More formally, we’ll set aside a chunk of natural numbers \(N_i \equiv \left\{\left[\max N_{i-1}\right] + 1, ..., [\max N_{i-1}] + |\Sigma^i| + 1\right\}\)–with \(N_0 \equiv \{|\Sigma^0| - 1\} = \{0\}\)–for each \(\Sigma^i\). Note that this definition ensures that \(N_i \cap N_j = \emptyset\) for all \(i \neq j\). That is, the chunk of natural numbers \(N_i\) we set aside for \(\Sigma^i\) is disjoint from the chunk of natural numbers \(N_j\) we set aside for \(\Sigma^j\) when \(i \neq j\), and \(|N_i| = |\Sigma^i|\).
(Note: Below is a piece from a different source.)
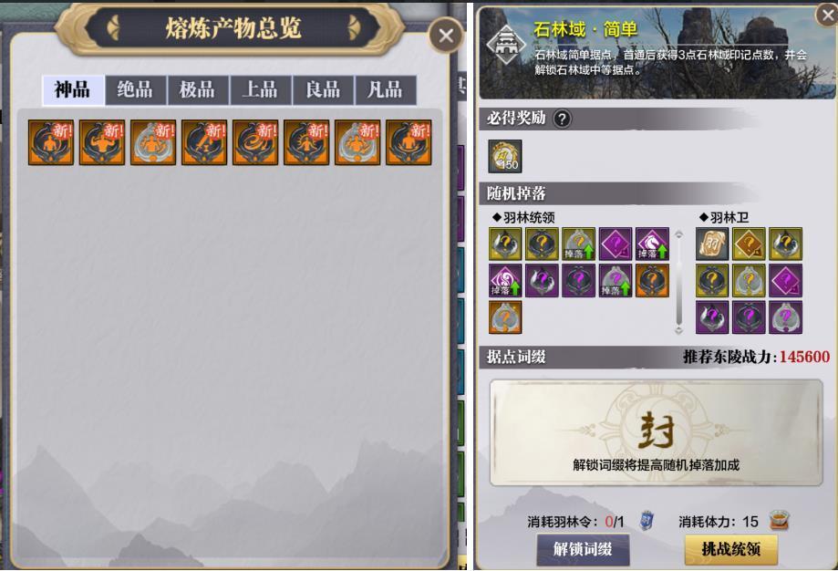 (3)其余8种神品羽符均为羽林宫内玩法掉落以及在解锁“意外之喜”天赋后由绝品羽符熔炼产出:

We then use \(N_i\) to construct a sequence \(S_i: N_i \rightarrow \Sigma ^i\). Finally, we can stitch those sequences together by defining \(S_*: \mathbb{N} \rightarrow \Sigma^*\) in terms of those \(S_i\) along with a function \(k: \mathbb{N} \rightarrow \mathbb{N}\) that satisfies \(k^{-1}(\{i\}) = N_i\) for all \(i \in \mathbb{N}\)–i.e. the preimage of \(\{i\}\) under \(k\) is \(N_i\).

\[S_*(n) = S_{k(n)}(n)\]

One question you might have is how do we know how to build the sequence \(S_i\) for an arbitrary set of strings \(\Sigma^i\) of length \(i\). As long as the alphabet/lexicon \(\Sigma\) is finite, we can do this by imposing an order on \(\Sigma\) itself, then use that to order sort the elements of \(\Sigma^i\) in lexicographic order.